I am comparing the results of sklearn cross-validation and my own cross
validation.
I tested linearSVC under the following conditions:
- Data scaling per grid search
- Data scaling + 2-level quantization, per grid search
Specifically, I have done the following:
Sklearn gridSearchCV
- Create a pipeline with [StandardScaler, LinearSVC] if no binning is
used, or [StandardScaler, Binarizer, LinearSVC], if binning is used
- Invoke sklearn gridsearch (only C is provided as a parameter to
optimize over)
- When done with gridsearch,
o Scale entire training set
o Scale test set (with mean/std found on training set)
o Quantize, if quantization is used
o run LinearSVC, with best C value found
My own grid search
- Search over all possible values of C (same range as above)

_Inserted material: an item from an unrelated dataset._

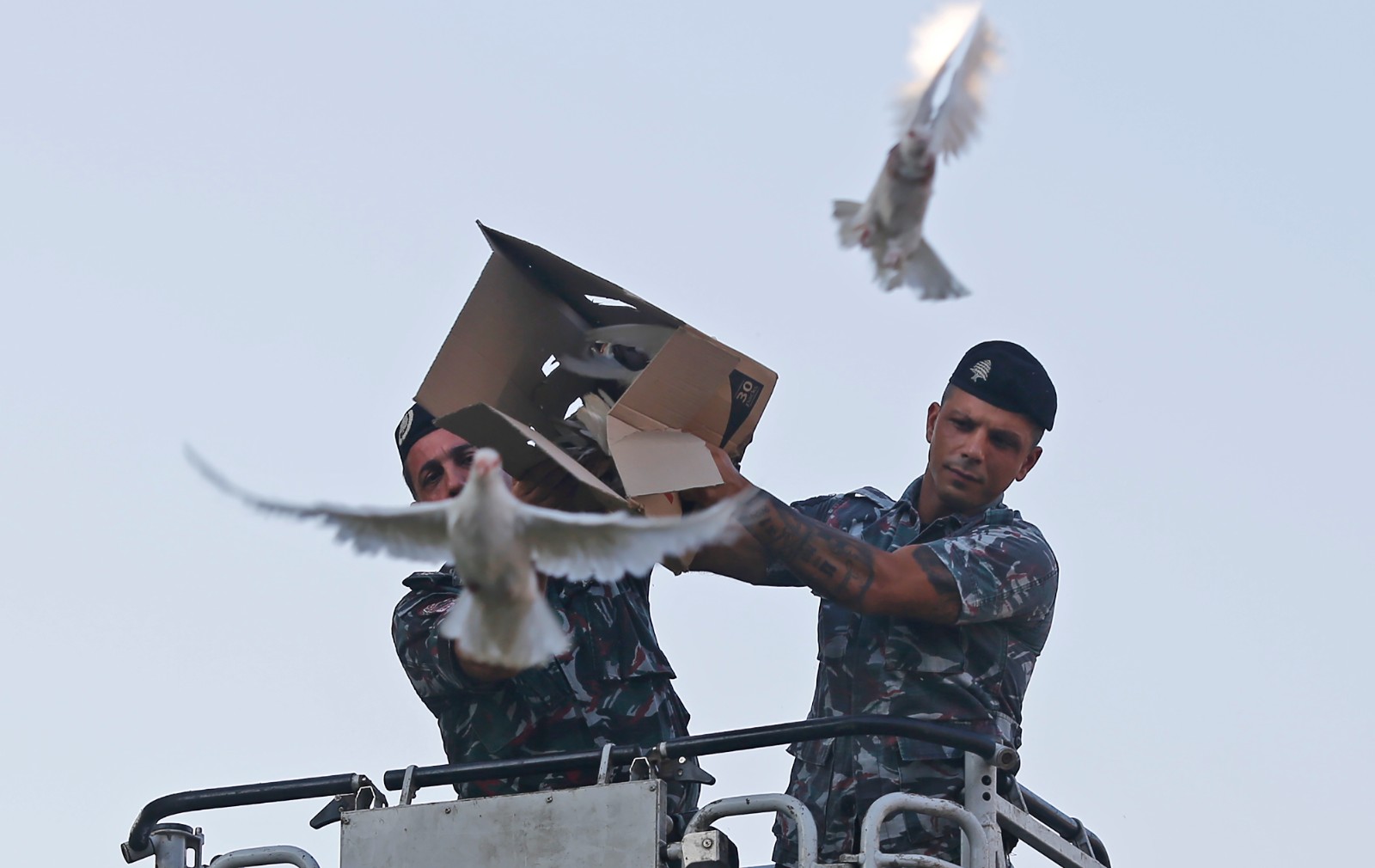 8月3日,在黎巴嫩貝魯特,人們放飛白鴿,紀念貝魯特港口大爆炸中犧牲的消防人員。

- For each value of C, use stratifiedKFold with random_seed set to a
random number
o Scale train cross-validation datased, and test cross validation dataset
with train cv mean and std
o If binning is used, apply binary binning (my own function), on top of
StandardScaler
o For each value of C compute average score over all partition, where the
score is defined as number of correctly classified samples / total number of
samples
- When done with gridsearch,
o Scale entire training set
o Scale test set (with mean/std found on training set)
o Quantize, if quantization is used
o run LinearSVC, with best C value found
For some reason, I'm getting different results. In particular, sklearn
gridsearch performs better than my own gridsearch when not using quantization,
and it gets worse with quantization. With my own gridsearch I'm getting the
opposite trend.
Is my understanding of sklearn gridsearch wrong, or are there any issues with
it?
Thank you,
------------------------------------------------------------------------------
Want excitement?
Manually upgrade your production database.
When you want reliability, choose Perforce
Perforce version control. Predictably reliable.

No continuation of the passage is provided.